_Task_
Required from the data below: the exact lines starting at the line containing "Neomounts FPMA-D550SBLACK è" and ending at the line containing "1月18日,李輝和家人在項目部宿舍內玩拼圖游戲。", with both ends kept and all pictures dropped.

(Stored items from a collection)
%%
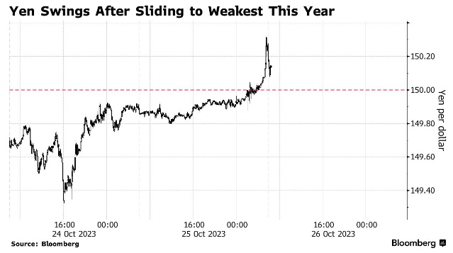 随着美国国债的再次暴跌扩大了与日本的收益率差距,周三纽约汇市收盘时,日元兑美元报150.23日元,这是1990年8月以来的最高水平。这使美元处于去年10月触及的盘中低点151.95美元的区间内,当时日本政府买入日元以遏制损失。
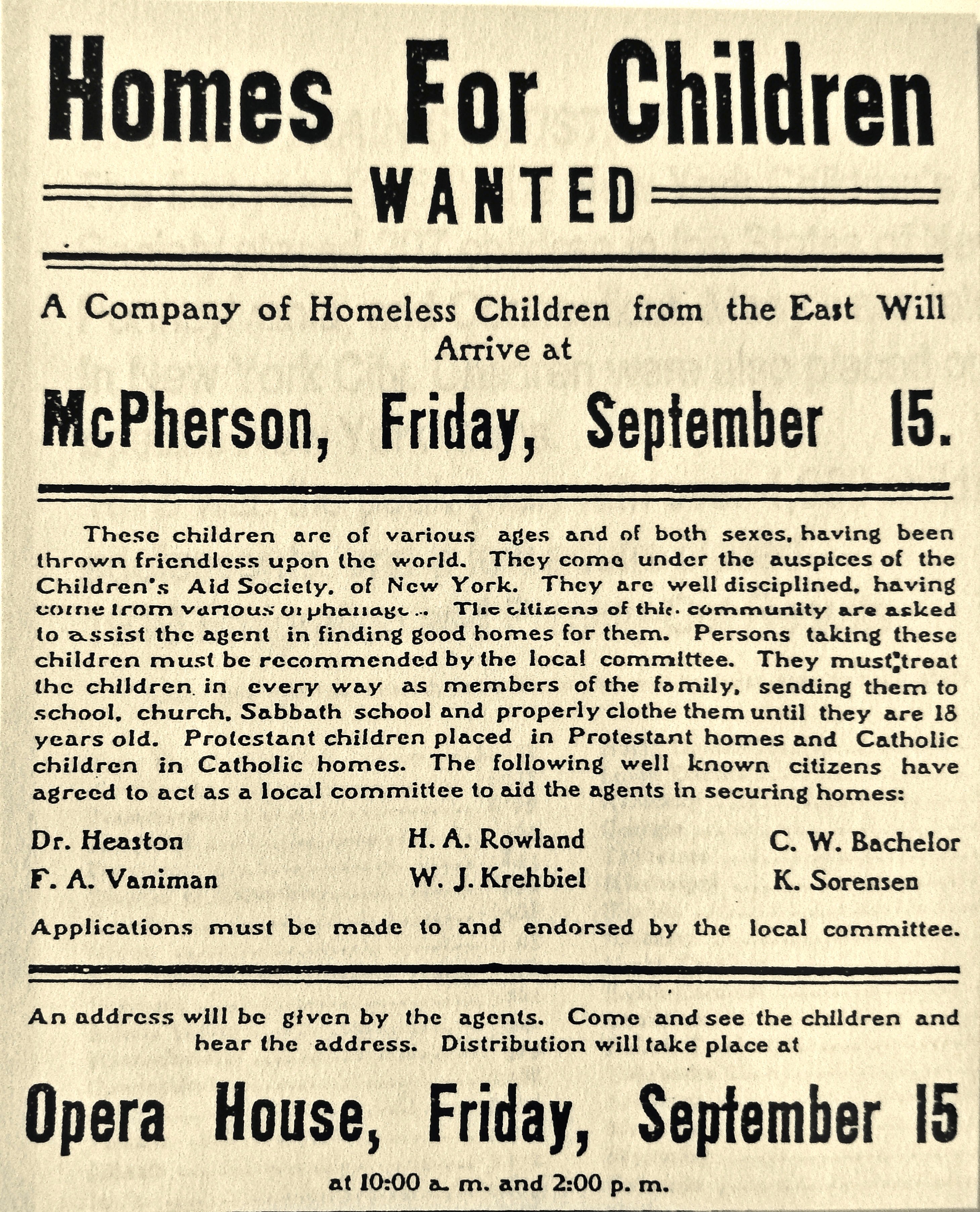 Over time the placing out procedures became well-defined. Small rural communities located on major railroad routes were contacted so that dates and public venues could be arranged. Newspaper ads and posters were provided to alert the local populations of the coming orphan trains. Each community was asked to form a selection committee, while placing agents tried to provide oversight by making follow-up visits once the children were placed in new homes. But in reality, the program was dependent on the good faith of the participating families.
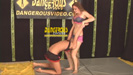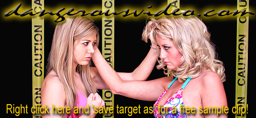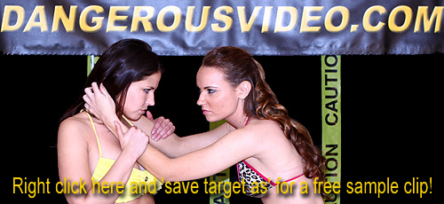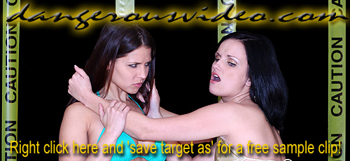 DC 112 - DANNI VS AUTUMN The hotties just keep coming! This video marks the first match of the next DC Girl to prove her worth, Danni, who has picked up the nick name 'Dangerous' because she's just the epitome of what we look for in our fighters: Gorgeous and tough! She couldn't have a tougher opponent for her debut though as she takes on the original Dangerous Curves Girl, Autumn in a rough and highly competitive battle! As you can see from the photos, the newbie is lean and toned up, and as you'll tell from the video, she can take a lot of punishment and keep asking for more. Autumn puts her in everything but just cant seem to force a submission. Body scissors? Autumn tries but Danni wont budge. Autumn tries choking her but she still refuses. The new girl finds herself in a variety of head scissors but just wont give Autumn the pleasure of letting her hear an "I give!" Full nelsons, surfboards, hair pulling: No, no, and no. Both are quite good at getting out of each others pin attempts too and the score is still knotted at 0-0 late into the fight! Autumn is frustrated and tired but throws everything she can at the rookie. Danni is hurting and not as skilled but wants nothing more than a win over one of DC's best for her first impression. It comes down to the wire with one taking advantage of the others exhaustion and just barely scoring the match's lone point to go on and enjoy what the writhing loser called a lucky victory! Check it out!
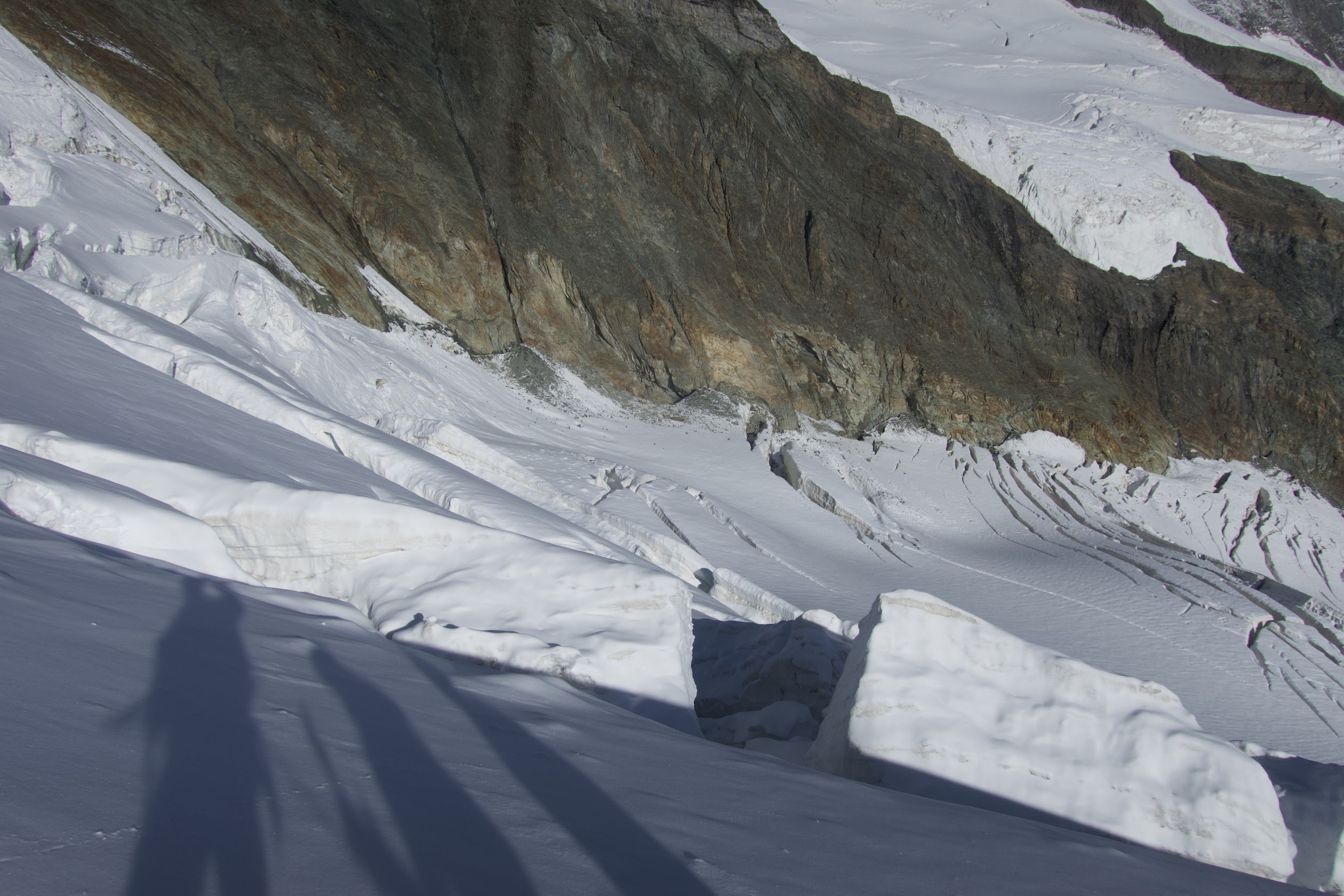 Выход ночью, подъем длинный и займет много времени. На вершину взойдем рано утром, затем чтобы спускаться еще не по раскисшему леднику. Затем по состоянию, либо остаемся ночевать в хижине, либо, перекусив, отправляемся дальше вниз на поезд и в Цермат.
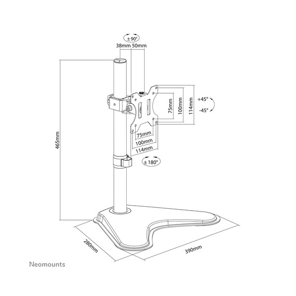 Neomounts FPMA-D550SBLACK è adatto per schermi fino a 32". La capacità di peso di questo prodotto è di 8 kg. Il supporto da scrivania è adatto per schermi che hanno VESA 75x75 o 100x100 mm; per dimensioni diverse, è possibile utilizzare le piastre adattatrici VESA Neomounts.
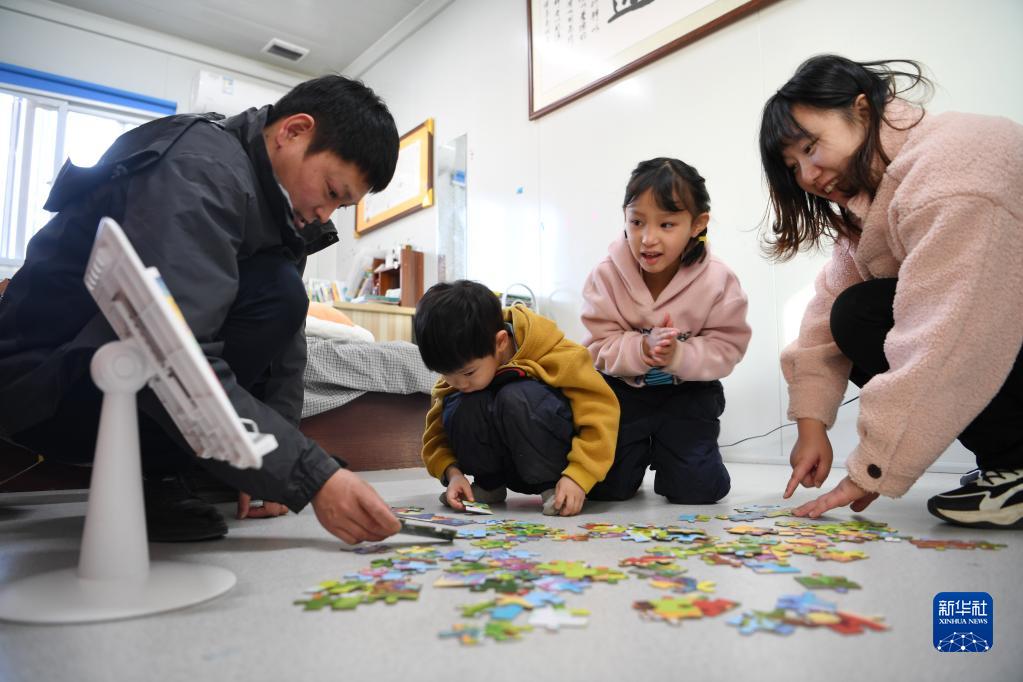 1月18日,李輝和家人在項目部宿舍內玩拼圖游戲。
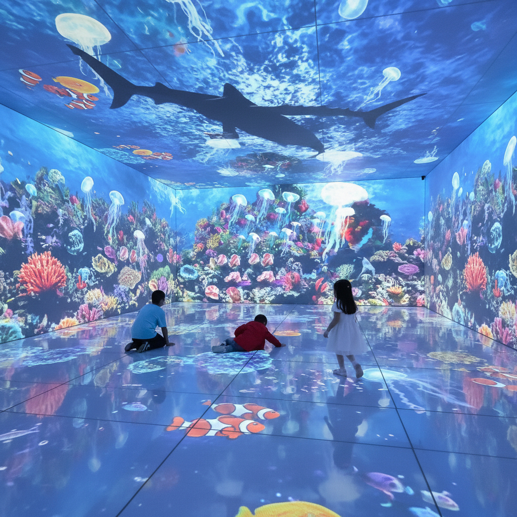 Иммерсивная LCD-комната идеально подходит для ТРЦ, парков развлечений, детских игровых центров, выставочных пространств, музеев, ресторанов и корпоративных зон отдыха.
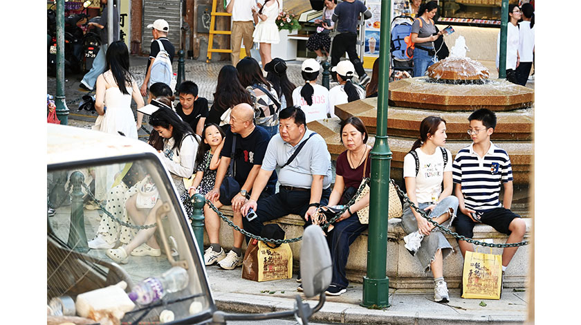 【圖片新聞】昨十一國慶黃金周第三天,本澳錄得逾十八萬旅客入境,旅遊區人山人海。警方下午再度在大三巴街人啟動人潮管制,措施實施了一小時四十五分,較有十六萬多旅客入境的前天長了廿分鐘。
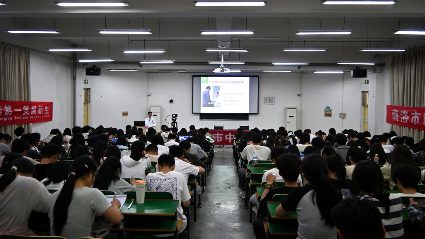 為普及口腔健康知識,增強師生口腔保健意識,5月14日下午,校醫院邀請商洛市中心醫院口腔科主任李阿峰團隊來校,以“健康口腔,微笑同行”為主題通過線下線上方式開展口腔健康專題講座。校醫院工作人員,23級、24級各班學生代表共計400余人參加了講座。校醫院院長任秀梅主持講座。
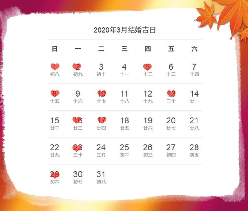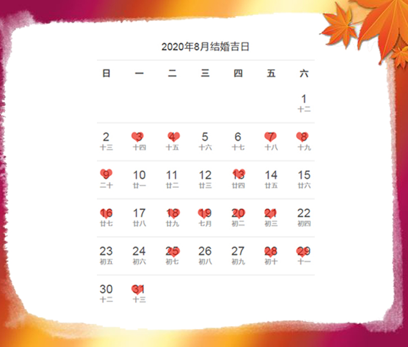 在2019年底就有很多準新人期待2020年舉辦婚禮,把2020賦予“愛你愛你”的含義,與“愛你愛你”搭配的日期詞句更是豐富,據不完全統計2020年的好日期更扎堆,適合嫁娶的好日子較往年更多一些。2020年2月2日原本周末婚姻登記處不上班,硬是被全網刷屏愛的寓意覆蓋,婚姻登記處不得不公布屆時當天臨時加班辦理結婚手續... ...
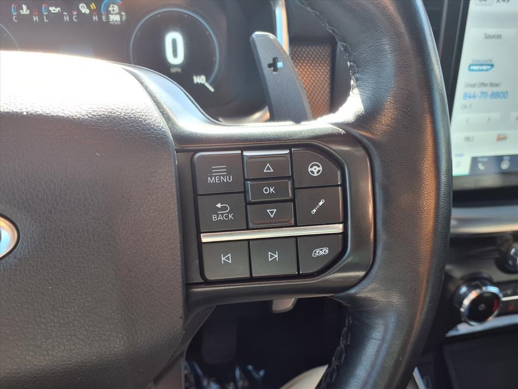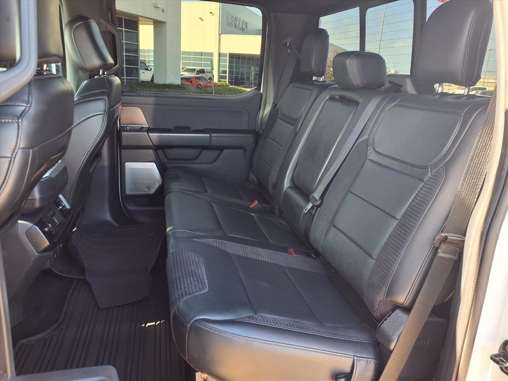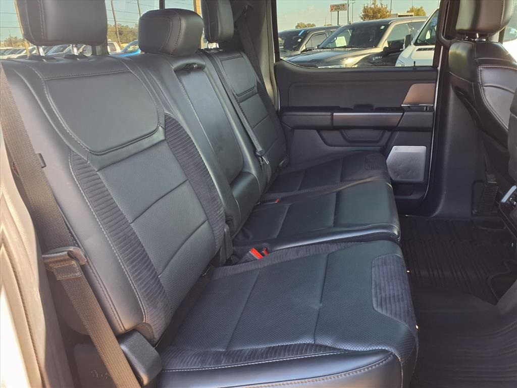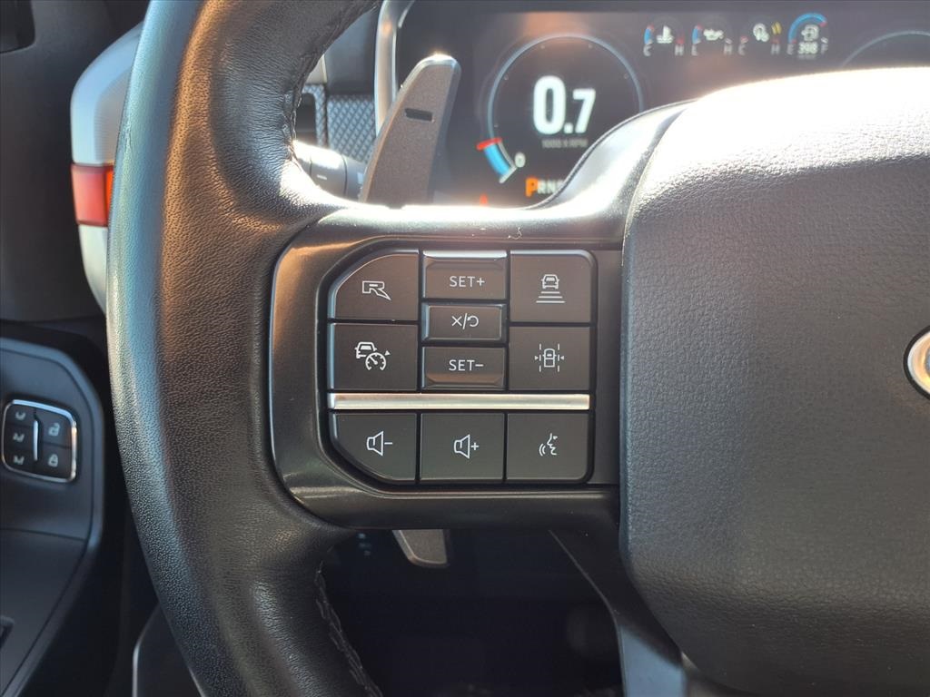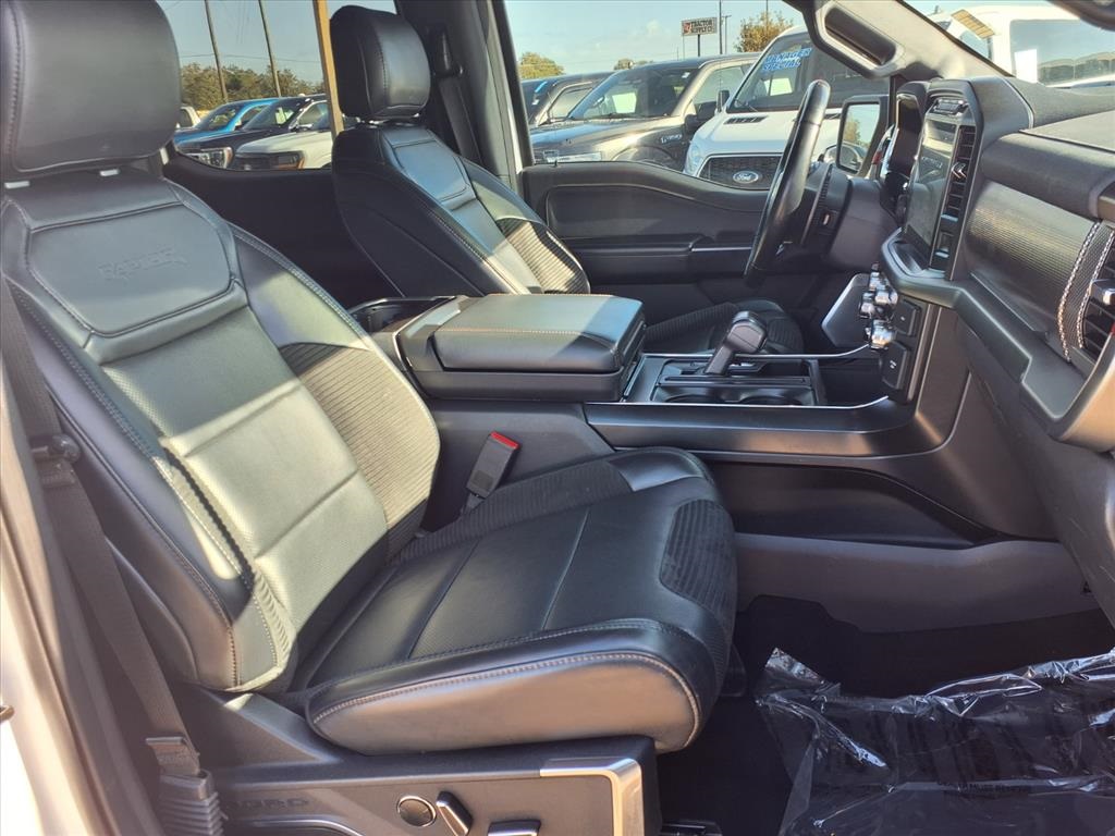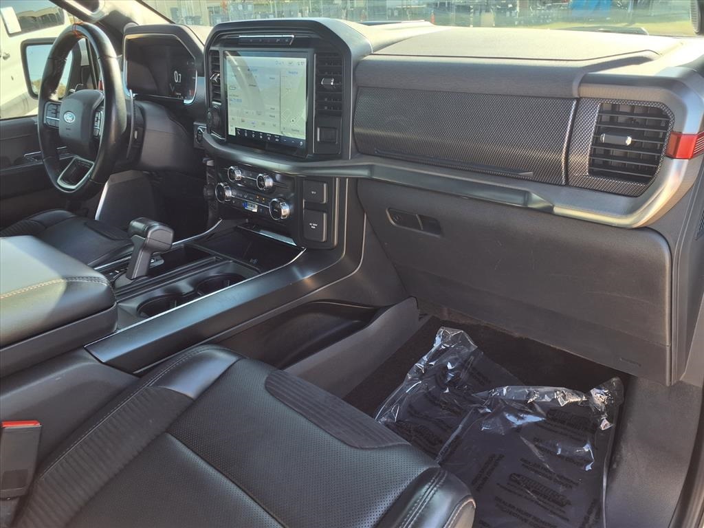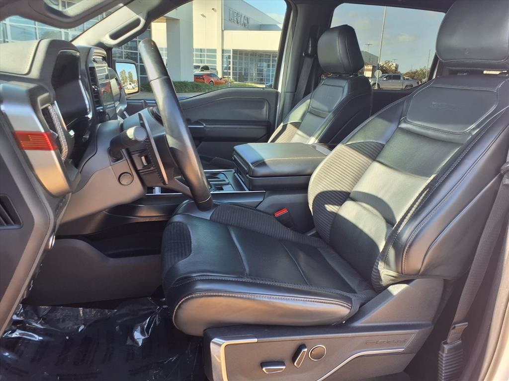 by Bang & Olufsen, Rain-Sensing Wipers, SYNC 4 w/Enhanced Voice Recognition, Tailgate Applique FORD, Universal Garage Door Opener, and Wireless Charging Pad), GVWR: 7,050 lbs Payload Package, Moonroof & Tailgate (Power Tailgate and Twin Panel Moonroof), Raptor Exterior Graphics Package, Torsen Package (Front-Axle w/Torsen Differential and Rigid LED Fog Lamp), Tow Technology Package (360 Degree Camera, Integrated Trailer Brake Controller, and Pro Trailer Backup Assist), Ford Blue Advantage: Blue Certified Certified, 4WD, 17" Cast Aluminum Wheels, 4-Wheel Disc Brakes, 7 Speakers, ABS brakes, Adaptive suspension, Adjustable pedals, Air Conditioning, Alloy wheels, AM/FM radio: SiriusXM with 360L, Auto High-beam Headlights, Auto Start-Stop Removal, Auto-dimming door mirrors, Auto-dimming Rear-View mirror, Automatic temperature control, Brake assist, Bumpers: body-color, Compass, Delay-off headlights, Driver door bin, Driver vanity mirror, Dual front impact airbags, Dual front side impact airbags, Electronic Stability Control, Emergency communication system, Exterior Parking Camera Rear, Front anti-roll bar, Front Bucket Seats, Front Center Armrest, Front dual zone A/C, Front License Plate Bracket, Front reading lights, Front wheel independent suspension, Fully automatic headlights, Heated door mirrors, Heated front seats, Illuminated entry, Lane Departure Warning System, Leather Trim Seats, Low tire pressure warning, Memory seat, Navigation system: Connected Navigation, Occupant sensing airbag, Outside temperature display, Overhead airbag, Overhead console, Panic alarm, Passenger door bin, Passenger vanity mirror, Pedal memory, Power door mirrors, Power driver seat, Power passenger seat, Power steering, Power windows, Pro Power Onboard - 2KW, Radio data system, Radio: AM/FM SiriusXM w/360L, Rear reading lights, Rear step bumper, Rear window defroster, Remote keyless entry, Security system, Speed control, Speed-sensing steering, Split folding rear seat, Steering wheel mounted audio controls, Tachometer, Telescoping steering wheel, Tilt steering wheel, Traction control, Trip computer, Turn signal indicator mirrors, Variably intermittent wipers, and Ventilated front seats.
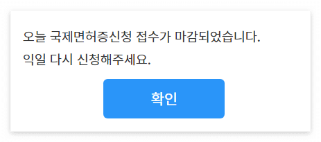 하루에 국제운전면허증 발급 가능자 수가 한정적이기 때문에 아래 사진처럼 내일 다시 신청하라고 할 수 있습니다. 그러니 필요한 날에 급박해서 발급하려고 하면 안 되겠죠? 시간 여유 있을 때, 미리미리 발급해두세요!!
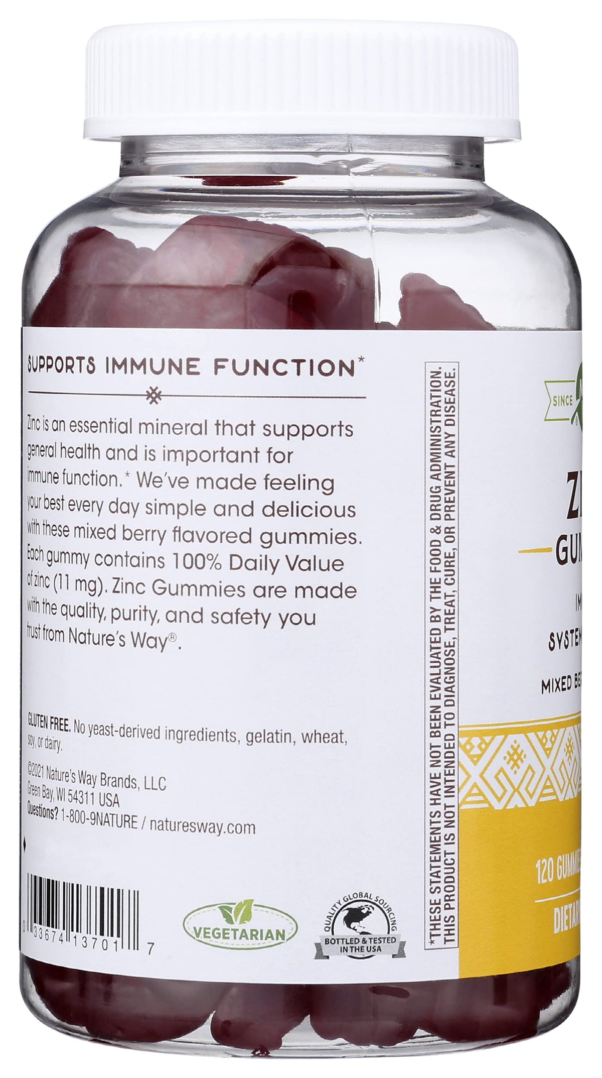 Nature's Way Zinc Gummies, Cruelty Free, Environmentally Friendly, 120 Gummies (Pack of 1)
%%
_Solution to this task_
 Neomounts FPMA-D550SBLACK è adatto per schermi fino a 32". La capacità di peso di questo prodotto è di 8 kg. Il supporto da scrivania è adatto per schermi che hanno VESA 75x75 o 100x100 mm; per dimensioni diverse, è possibile utilizzare le piastre adattatrici VESA Neomounts.
 1月18日,李輝和家人在項目部宿舍內玩拼圖游戲。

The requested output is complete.